We also investigated DNA templates and found that ddPCR quantification was less affected by mismatches due to the end-point detection technique. Although not relevant for molecular detection of HAV, this information is still valuable in a general context, as it reveals an advantage of ddPCR over qPCR. The performance characteristics of ddPCR, such as rain and separation between the positive and negative droplet population, were affected by mismatches. Impaired performance of a ddPCR assay may therefore be a potential warning sign for the occurrence of mismatches. Mismatches affect the amplification efficiency and thereby the fluorescence accumulation in both qPCR and ddPCR. In qPCR, this will result in an increase in Cq value and hence affect the quantification of the template. In ddPCR, this will result in droplets with lower fluorescence intensity (Bosman et al. 2015), which was clearly evident for e.g. strain C (Fig. 2). However, quantification will not be affected if these droplets remain above the threshold for a positive droplet. Although we did not compare the effects of mismatches of the different strains in separate statistical analyses, we observed that the DNA template of strain C displayed the greatest difference between ddPCR and qPCR (Fig. 1b). However, we do not understand why. It is clear that the effects of mismatches appear to be highly context-dependent (Stadhouders et al. 2010), and may thus be difficult to predict in silico. Experimental verification of the inclusivity is therefore necessary as a complement to in silico analyses (Hedman et al. 2018).
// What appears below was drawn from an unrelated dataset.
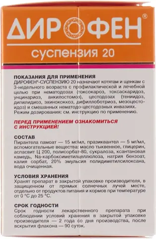 пирантела памоат — 15 мг/мл, празиквантел — 5 мг/мл, масло тыквы, вспомогательные вещества до 1 мл.
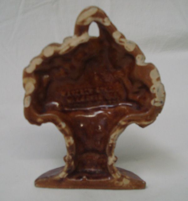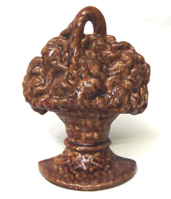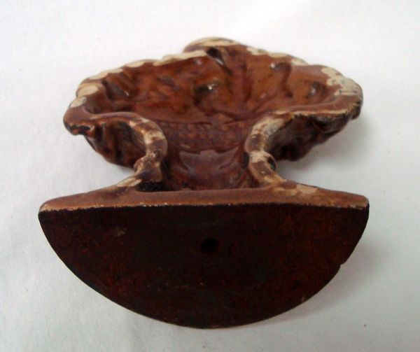 Vintage Cast Iron Flower Vase Door Stop, marked on back Waverly Studios, measures 6''H x 4.5''W, glaze over cast iron

Lastly, we found that mismatching DNA templates were more underestimated than mismatching RNA templates. This is explained by the 5–10 °C lower temperature in the RT step compared with the annealing temperature during DNA amplification. Hence, under conditions similar to this study, mismatches in one-step RT-PCR will likely be less detrimental if located within the reverse primer region compared with the forward primer region.

Forward primer mismatches were not examined here, but two previous studies suggest that one-step RT-ddPCR underestimates viral RNA with forward primer mismatches to a lesser extent than one-step RT-qPCR (Sedlak et al. 2017; Strain et al. 2013). The effect of forward primer mismatches on RNA templates will arise during PCR amplification (the forward primer binds to cDNA), meaning that end-point detection will be an advantage in that case.
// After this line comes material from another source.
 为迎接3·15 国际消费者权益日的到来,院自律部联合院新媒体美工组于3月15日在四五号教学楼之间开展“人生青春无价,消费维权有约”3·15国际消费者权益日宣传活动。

One limitation of this study was that the PM primers used to generate the reference quantities in some cases had different thermal characteristics than the original primers (Table 2). However, we evaluated the performance of the different RT-PCR-systems and concluded that the differences in primer characteristics had no major practical influence on the results.
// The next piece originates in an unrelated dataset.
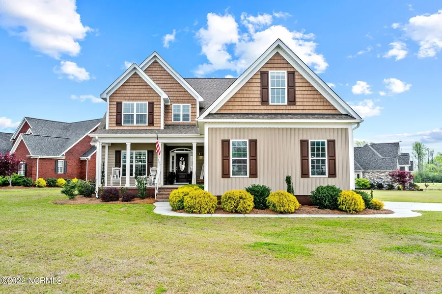 Price reduction by motivated sellers! Are you looking for a spacious, immaculate home situated in a prestigious community? Well, look no further. This lovely home is situated on a corner lot in the Carriage Crossing Community. You will enter from the covered front porch which is perfect for porch sitting. First, you will see the foyer and head straight to the den with a fire place equipped with gas logs. You will find the master suite downstairs with a walk-in closet as well as additional closet space. Master bath has double vanities, walk-in shower, and a separate soaking tub. This home offers a formal dining room right off of the kitchen. Not only does this kitchen offer stainless steel appliances, but also granite countertops and a spacious pantry. A half bath is conveniently located which is always nice for guests. Upstairs you will find three bedrooms, a full bath and a bonus room which would make a perfect play room, craft room, office, etc. In addition, you will find a small sitting room with endless possibilities. This home has wood flooring in the common areas. The tall ceilings are also a bonus. All mounted TVs will convey. As you go out to the back you will exit on a covered porch area which leads to an outdoor patio area. This area includes a large brick fireplace which is perfect for entertaining, watching ballgames, and great for cookouts. Partial patio furniture will convey. While you are entertaining friends, the kids can enjoy the outdoor wood play set equipped swings, slides and sand area. The wood play set is included as well. There is a chest freezer located in the garage that will convey. Summer is quickly approaching which means you may want to cool off in the new neighborhood pool. This home truly offers something for everyone.

Together, these results indicate that the HAV RT-PCR assay described in ISO 15216-1 (ISO 2017) underestimates the quantity of HAV genotype III sequences, and also that ddPCR quantification is more resilient to mismatches than qPCR, due to the end-point detection technique. Moreover, from a general point of view, it can be debated whether it is appropriate to use exactly the same set of primer and probe sequences for detection of sequence-variable viruses across many different laboratories and countries. The primer and probe sequences recommended by ISO 15216-1 (ISO 2017) are optional to use, but standardisation of RT-PCR assays may risk reducing the collective redundancy of detecting a broad range of sequence variants, and hence newly emerged variants are at risk of being undetected.